24 Apr 2012

Walmart shares slump amid bribery scandal

Ten billion dollars have been wiped off the value of Walmart shares – as investigations begin into allegations that its Mexican subsidiary bribed officials to grow its business.

Walmart store in Mexico

It takes Walmart just two hours to earn this kind of cash, but allegations that its Mexican subsidiary paid out $24m in bribes to officials, in order to speed up permits for new stores, could cost it far, far more. The retail giant has already lost some 4.7 per cent of its market value, wiping off any gains it made this year. And the political ramifications of the scandal could last for years to come.

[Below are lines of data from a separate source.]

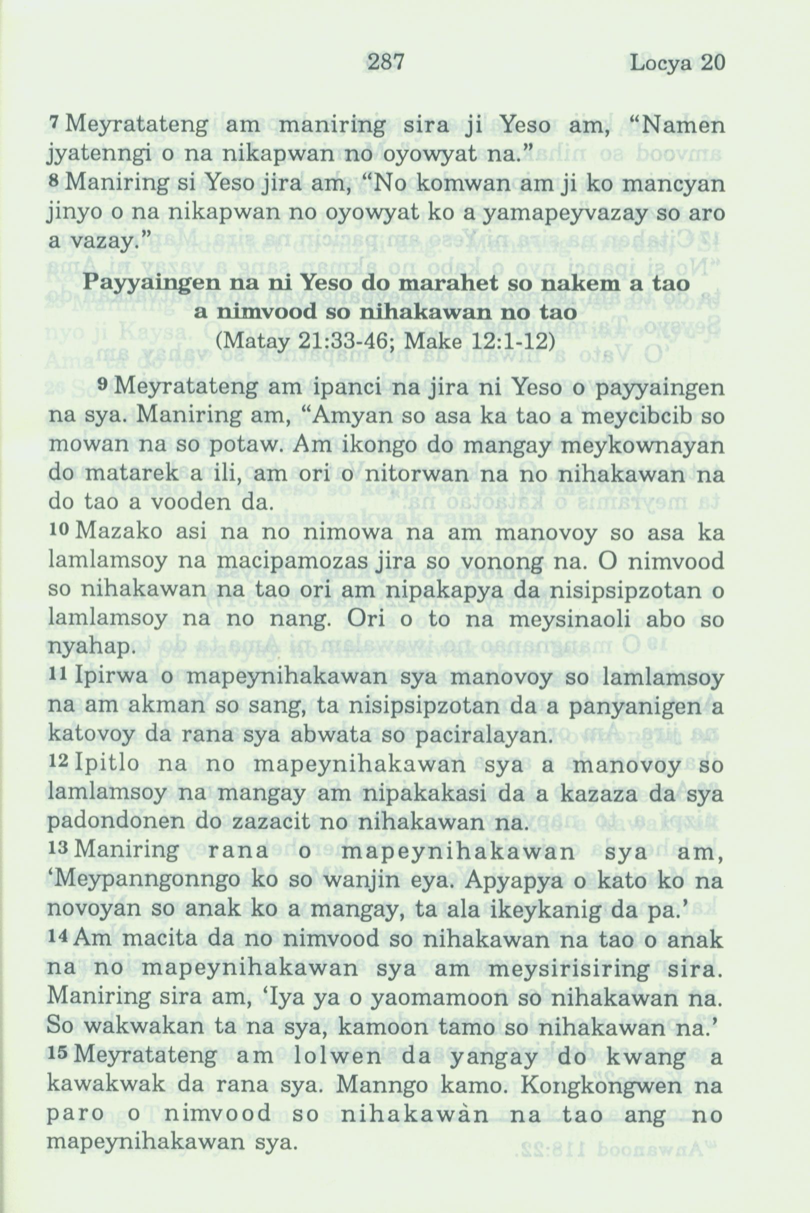 1994年新約全書 路加福音 20 章 7 節到 20 章 15 節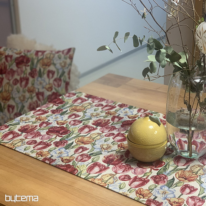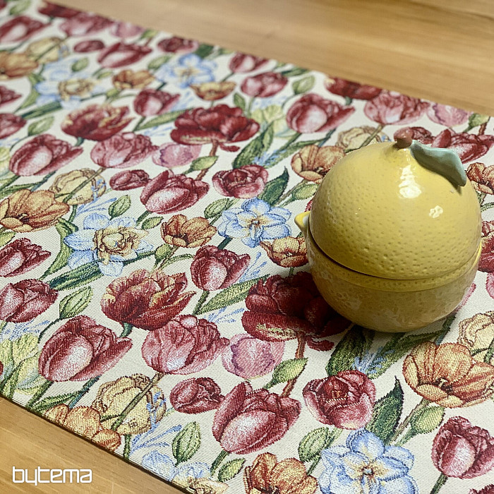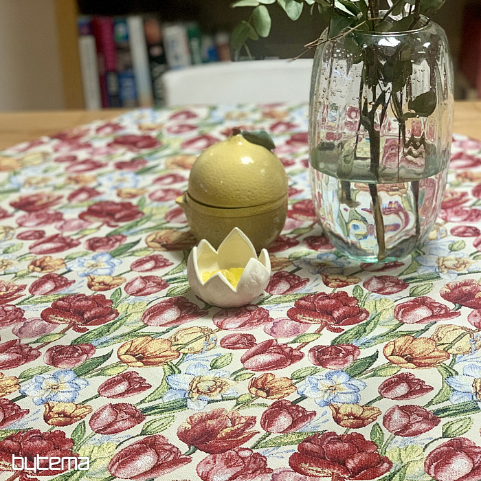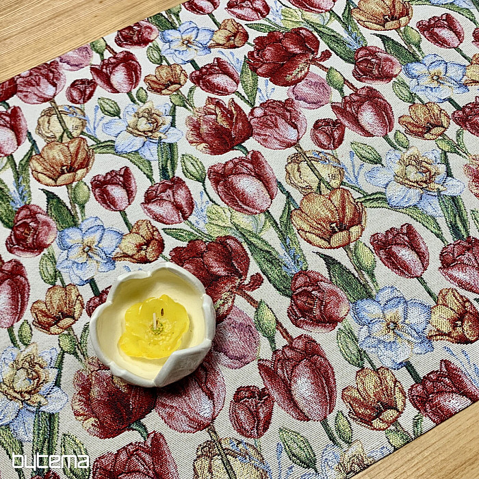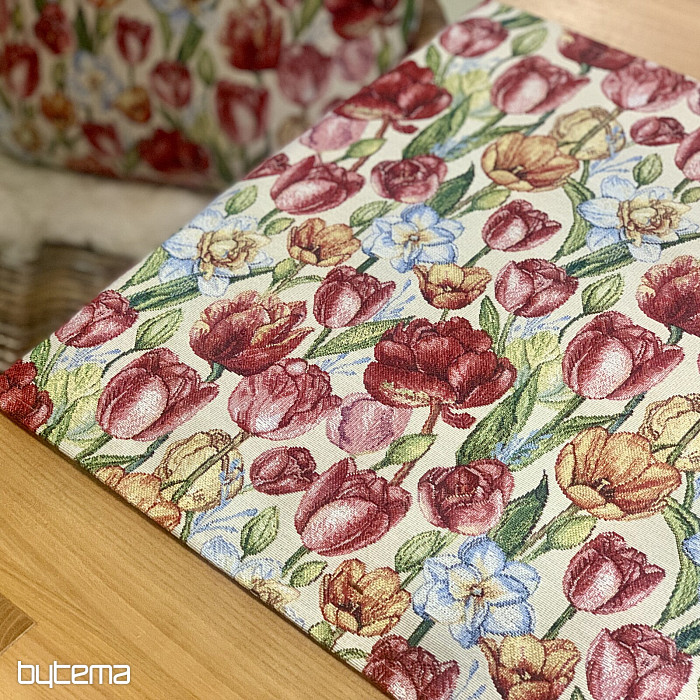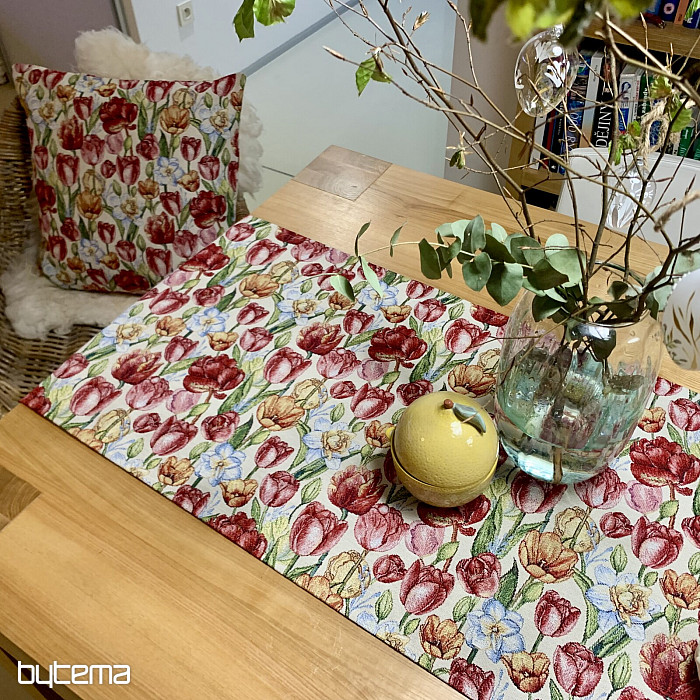 Une magnifique nappe et un foulard en tapisserie ornés de tulipes et de jonquilles printanières. Apportez une touche de couleur et de printemps à votre intérieur. Nous proposons également de jolies taies d'oreiller assorties.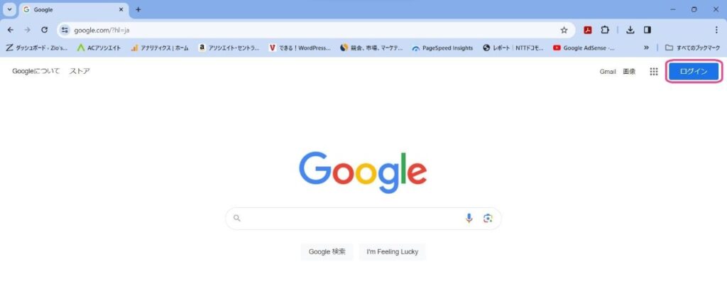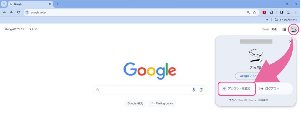 1.Google Chromeを開き、右隅の ログイン をクリック。または、画面右端のGoogleアカウント 〇 をクリックし、アカウントを追加 をクリックします。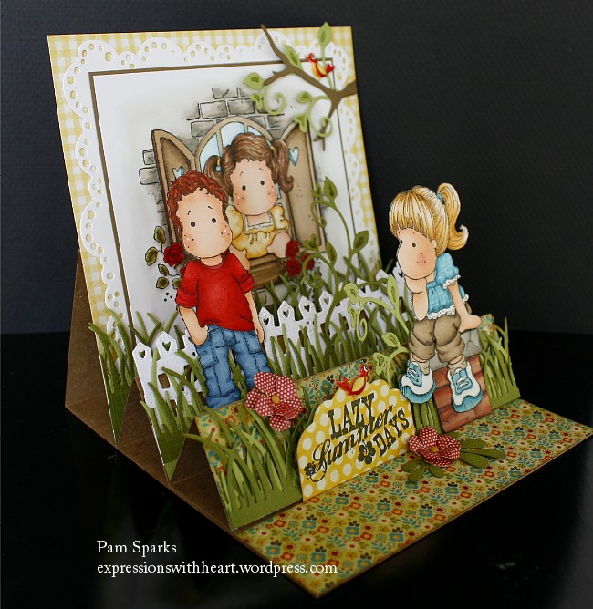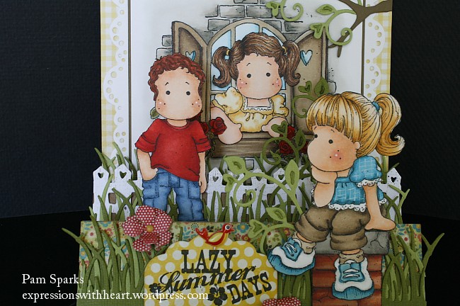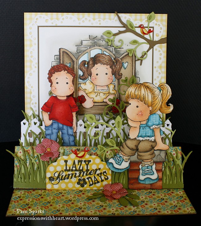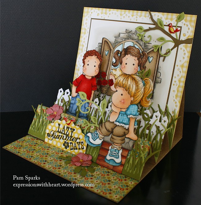 4. Wow! Pam, This is so adorable, I love those sweet images and your colouring is out of this world may I say so is your imagination to have created such a scenic and memorable card. Love it sweetie.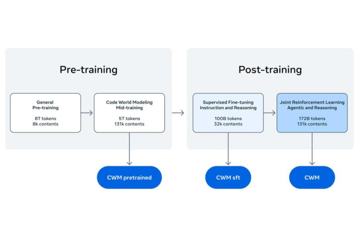 CWM模型算是Meta的一次概念验证,投入了不算多的算力训练这个小参数大模型,主要是为了检验将世界模型引入代码生成任务是否会显著提高生成代码质量。
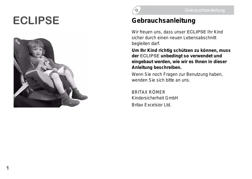 Kindersicherheit GmbH Britax Excelsior Ltd. Pour protéger efficacement votre enfant, le siège auto ECLIPSE doit impérativement être utilisé et installé de la manière décrite dans le présent mode d’emploi. Pour toute question complémentaire, n'hésitez pas à nous contacter.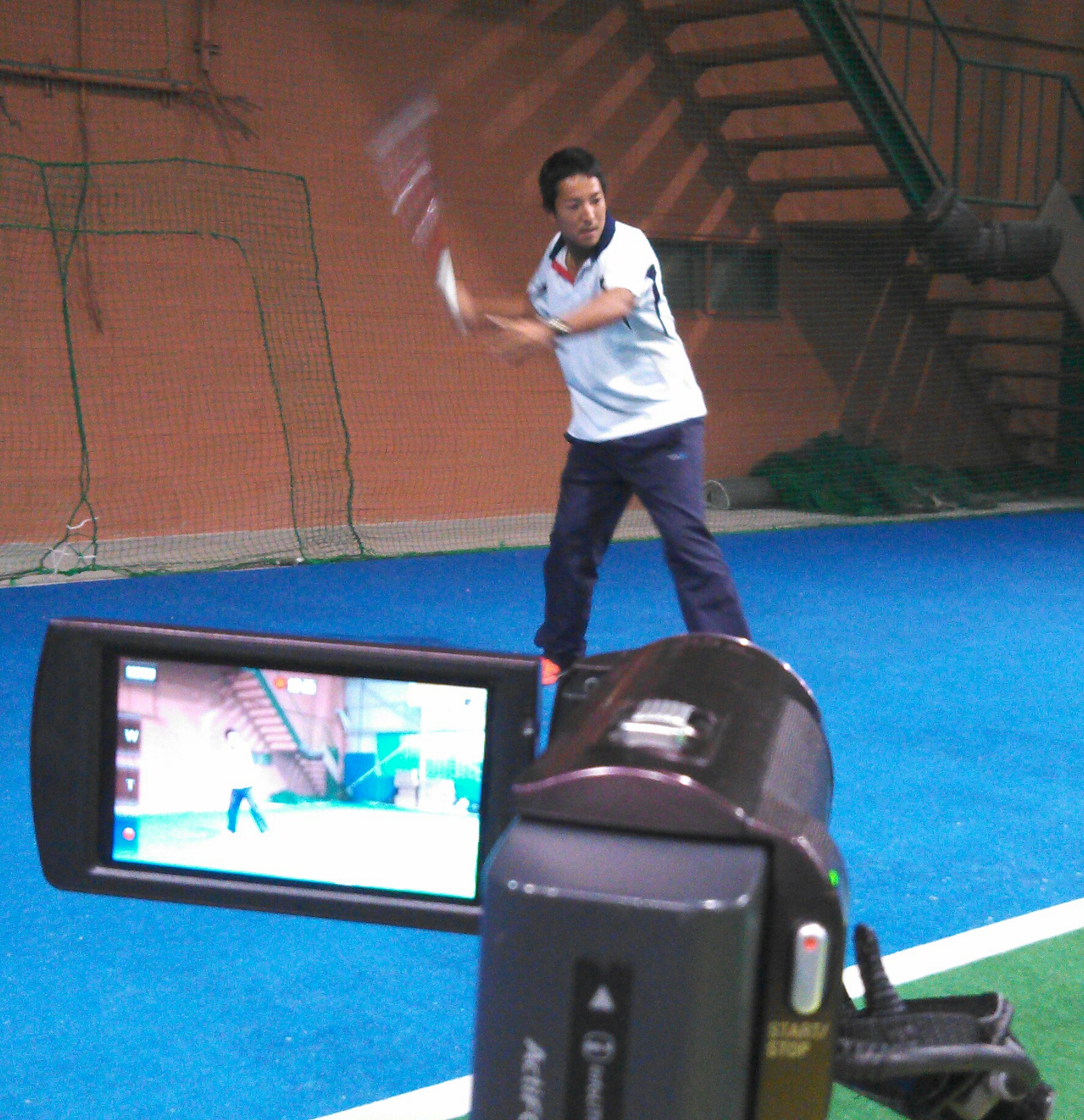 まずは前田コーチから。 左右の振りは固定して、1点だしで動きを記録していきます。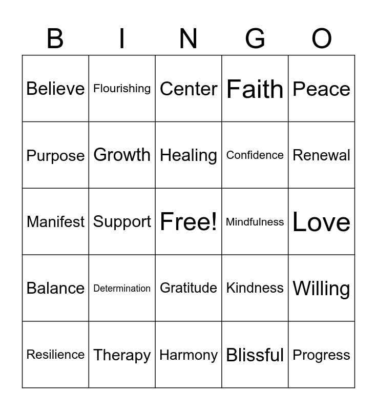 This bingo card has a free space and 39 words: Hope, Strength, Courage, Growth, Resilience, Gratitude, Healing, Joy, Peace, Balance, Support, Faith, Progress, Love, Mindfulness, Determination, Patience, Believe, Serenity, Kindness, Purpose, Harmony, Confidence, Renewal, Sober, Calm, Cool, Beautiful, Peaceful, Flourishing, Minds, Wellness, Center, Therapy, Blissful, Pride, Willing, Manifest and Cheer.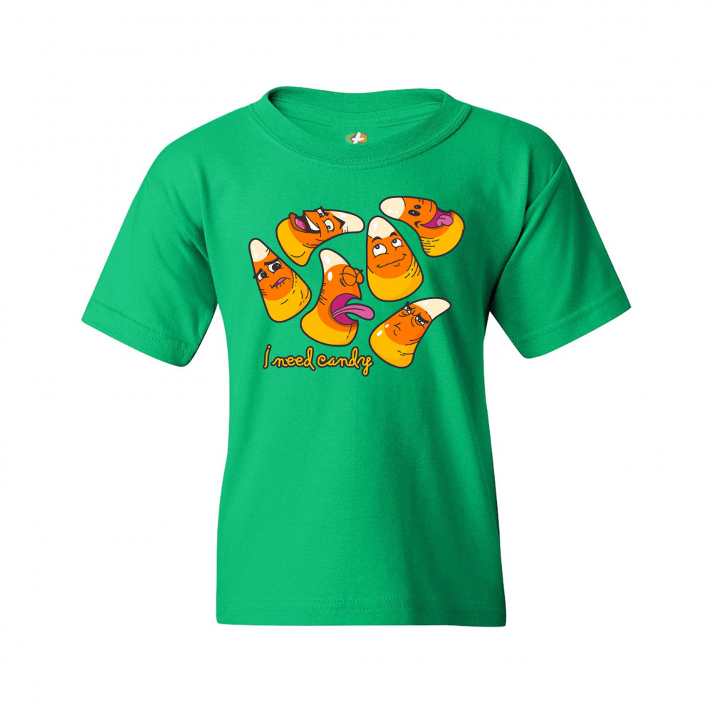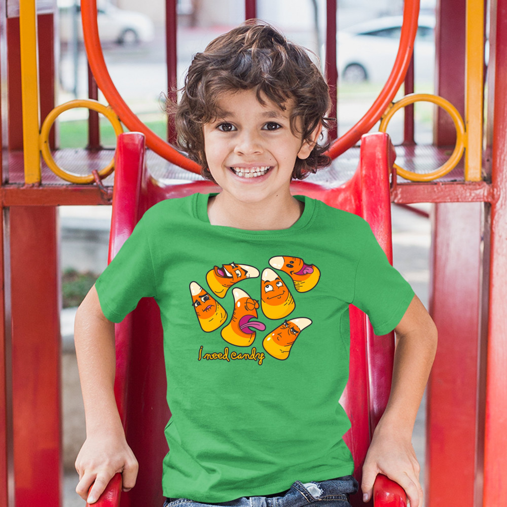 I NEED CANDY youth t-shirt happy halloween trick-or-treating funny kids green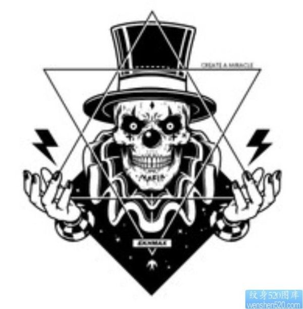 一款骷髅小丑纹身图案_骷髅纹身图案大全_纹身图吧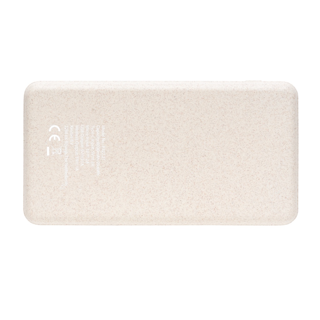 8000 mAh langaton varavirtalähde 5W langattomalla laturilla. Tuotteen yläpuoli on valmistettu luonnonkorkista ja kotelo 35% vehnänoljesta sekoitettuna ABS-muoviin. Sisääntulo on mahdollista sekä micro-USB:n että tyypin C kautta. Täyteenladatulla varavirtalähteellä voit ladata puhelimesi jopa neljä kertaa. Tuotteessa on kestävä A-luokan 8000mAh litiumpolymeeriakku. Tuotteessa oleva merkkivalo näyttää jäljellä olevan virran määrän, joten tiedät aina, milloin ladata varavirtalähde uudelleen. Langaton lataus toimii kaikkien QI-yhteensopivien laitteiden, kuten uusimpien Android puhelimien sekä uusimpien iPhone puhelimien (8 ja uudemmat), kanssa. Micro sisääntulo 5V/2A Tyyppi C sisääntulo 5V/2A USB Ulostulo 5V/2.1A. Langaton ulostulo 5W 5V/1A. Tuote ja lisätarvikkeet 100% PVC vapaita.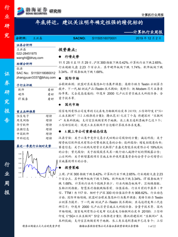 【渤海证券】【20191202】20191202-渤海证券-计算机行业周报:年底将近,建议关注明年确定性强的绩优标的-22页

According to an investigation by the New York Times, Walmart sent investigators to Mexico in 2005 to track down the paper trail behind the alleged bribes. However, the newspaper says it then shut down the investigation without telling anything it had learned to the authorities. Furthermore, the Times claims that the current Walmart chief executive Mike Duke, and the former CEO Lee Scott, were among the executives allegedly aware of what was going on.

We will do what is right – not just what is legal. Mike Duke, Walmart CEO

The man accused of being the driving force, former Walmex CEO Eduardo Castro-Wright, is set to retire in July this year “to spend more time with his family”. He served as head of e-commerce at the firm until January of this year, after five years as CEO of Walmart US. He has not been available for comment on the allegations.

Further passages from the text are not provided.